Julio Ángel Olivas tenía ya publicados Diarios del cuarto oscuro (2000), Paralelo a tu expirar (2009), Sonambulia (2013), La piel leve (2021). Este es su primer poemario. Y es impresionante. Unos poemas densos, cargados de imágenes, de estructuras laberínticas, de metáforas oníricas y de sensaciones que se adaptan por una soberbia técnica (¡esos hemistiquios!) que no condenan a la rigidez a los versos. Este sueño encuentra su natural acomodo en una editorial tan emocionante como InLimbo.
La primera sección, Los descalzos, comienza a desplegar los imaginarios de la caza y el ciervo: “Es la cacería un mundo de vidas rotas /…/ Allá donde hoy brilla el cáliz sereno, / morderá la arena, la lágrima y el misal” (Umbría [cepos]). Versos certeros, lapidarios pueblan estos poemas: “No todo es inerte, ni es en vano el llanto” (La casa); “La casa es un alud de vejez y disonancia dormida” (Hogar); “Hay madrigueras de dolor donde antes crecía el mimo” (Ojos negros). Las frases se van entremetiendo a través de los versos como si se introdujesen en una caverna onírica: “Sobre una artista del polvo, sobre una sonrisa fantasma, / sobre sus pliegues de lino y su pompa de extirpar, / se duele una cerradura sin edad ni gozne preso” (Desheredad). La omnipresencia de la muerte es una de las señas de identidad: “De nombre está vacía esta urna de almas y mortaja. / No acostumbra a hablar ni deletrea por pudor / sus cicatrices que se visten de recuerdos” (De vacío).
Tráqueas es el segundo capítulo en el que siguen los versos golpeando duramente la estabilidad del lector, conmoviéndolo: “Te ensarta la vida con clavos enfermos” (Umbría); “Entre el vómito pausado, / La Umbría borda y clava” (A rastras); “Y no tuviste culpa del verdor en tu valle, / ni yo de amarte a través de sus ojos” (Felices); “Niño que fuiste, tierra que avistas, / patrón de piel rasgada a tiempo, / persiste a la fosa del corazón salitre” (La peregrina).

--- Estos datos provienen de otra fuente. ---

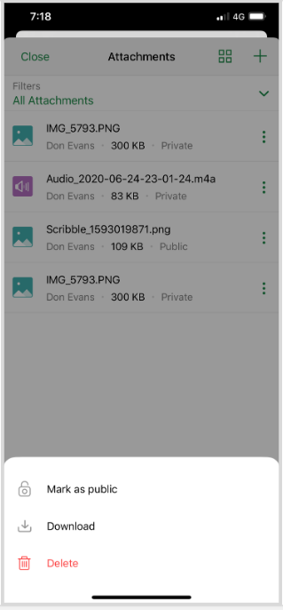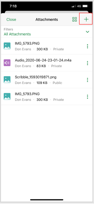 - タスクページで [添付ファイル] タブに移動します。ページの右下に表示されている添付ファイルの追加アイコンをタップします。

Hay una sabia utilización de las imágenes, como lo hacen los cuentos tradicionales que zarandean los miedos con palabras sencillas y actos cotidianos: “Desperté, me vi y temblé; lo sé; / fue el relámpago del fantasma / la histérica arruga de su hábito /…/ A tientas destejó la mortaja, sus ojos forcé; / abrirlos, sinceros, al tacto del limbo. /…/ desnudado fui, sin contención ni entonces, / al niño que solía ser al fugaz príncipe, / a la fe intacta, al comulgar de mayo, / tan lejos de mí… el niño sin garganta / que no gritó al morir ni de viejo fue llanto” (El huésped).

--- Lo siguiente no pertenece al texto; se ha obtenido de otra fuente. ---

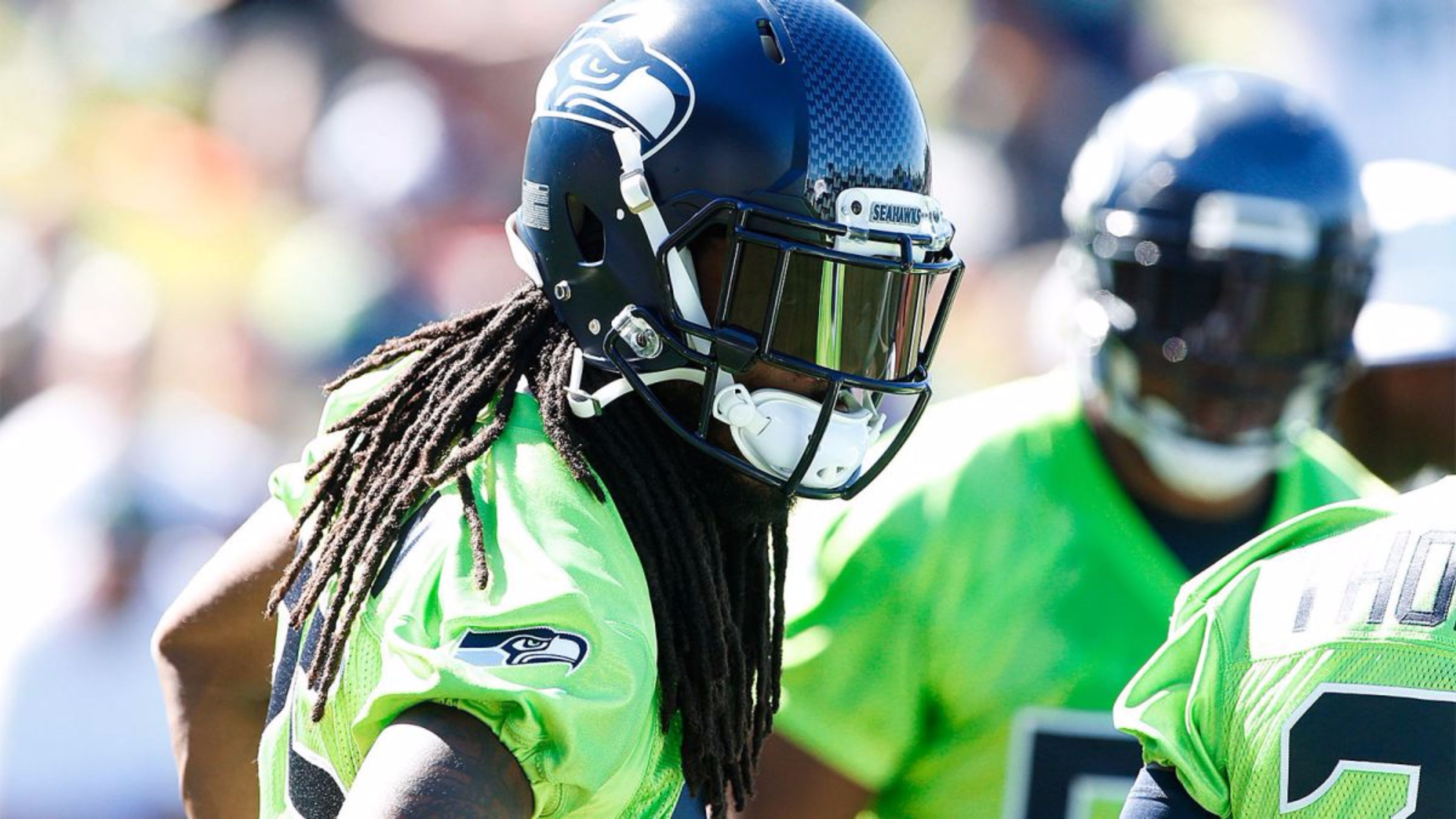 Description: A close up of a football player wearing a helmet and dreadlocks on his head and a football player in the background.

Una sensación vital de riesgo, de peligro, de dolor como parte de la vida, como si Nietzsche viviera de la caza y fuera tanto el cazador como la presa: “Te llevo tan prieto a mis latidos, tan soñado, / que entraña a entraña, devoran ya mi ser / y mi alma enegres con tu lápiz trágico” (Deshabitados); “Eres de polvo, gusanos y verjas muertas, / de babas, ruina y veneno; / desdentado eres como los años sin lluvia, / como los harapos de nubes es temporal” (El eco muerto); “Eres el revés del viento y yo, alguien que te perdió, / alguien que te busca y te vela a conciencia, / a ti y a todo ese evangelio de descalzos o venas huérfanas” (Momia). Precisamente la metáfora de la hoja con su haz y envés: “Detrás del peregrino cielo y sus postración, / detrás del susurro del reo y sus mandamientos, sí, / mueve los pequeños detalles y arte el infierno” (Envés).

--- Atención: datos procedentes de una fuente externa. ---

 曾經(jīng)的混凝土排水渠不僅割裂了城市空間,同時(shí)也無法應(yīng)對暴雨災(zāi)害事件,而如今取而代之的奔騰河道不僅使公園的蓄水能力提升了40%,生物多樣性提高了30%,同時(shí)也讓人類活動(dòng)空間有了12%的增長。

Apareces también presentes esas relaciones familiares que diseñan constelaciones como un cepo que se cierne a través de los siglos para atrapar inexorablemente: “Tal vez, me enmarcaste eterno, madre, / pero ahora que has presumido de tacto, / ahora que el costurero has tocado y sangras, / ahora comprendo que no hay remiendo / para el desgarro que hay en un grito cara al nacer / y ya para siempre, hereda y arrastra su hedor” (La nana del muerto). Versos como pedradas (“Ve a dormir, mi querido y feo títere, / ve a soñar con las hadas de entonces, / y cuando presientas que vuelvo al umbral, / lleva tu diestra a la génesis de los ungüentos”, Gris; “Olvidé ser niño al resquebrarse mi nana. / Hijo, mírame: el agua nació con forma de puñal”, Descuño) que se dirigen contra todo lo presente y hacia uno mismo: “Mi tía era bella y se dejaba pintar con el alma; / era sincera al morirse de súbito y risueña al resucitar” (Fuerte).
“¿quién es, madre? Madre,
¿quién fue ese que me mira desde dentro?
Ya no importa, mi niño, a la deriva está
y no arranques el velo de ese papel, no,
no lo levantes de la mesa, del muro no lo retires,
olvida la esquela y su biblia cansada.
Recuérdalo como nicho que improvisó la sepultura
/…/
Bésame con tu melodía del principio y simiente, abuelo.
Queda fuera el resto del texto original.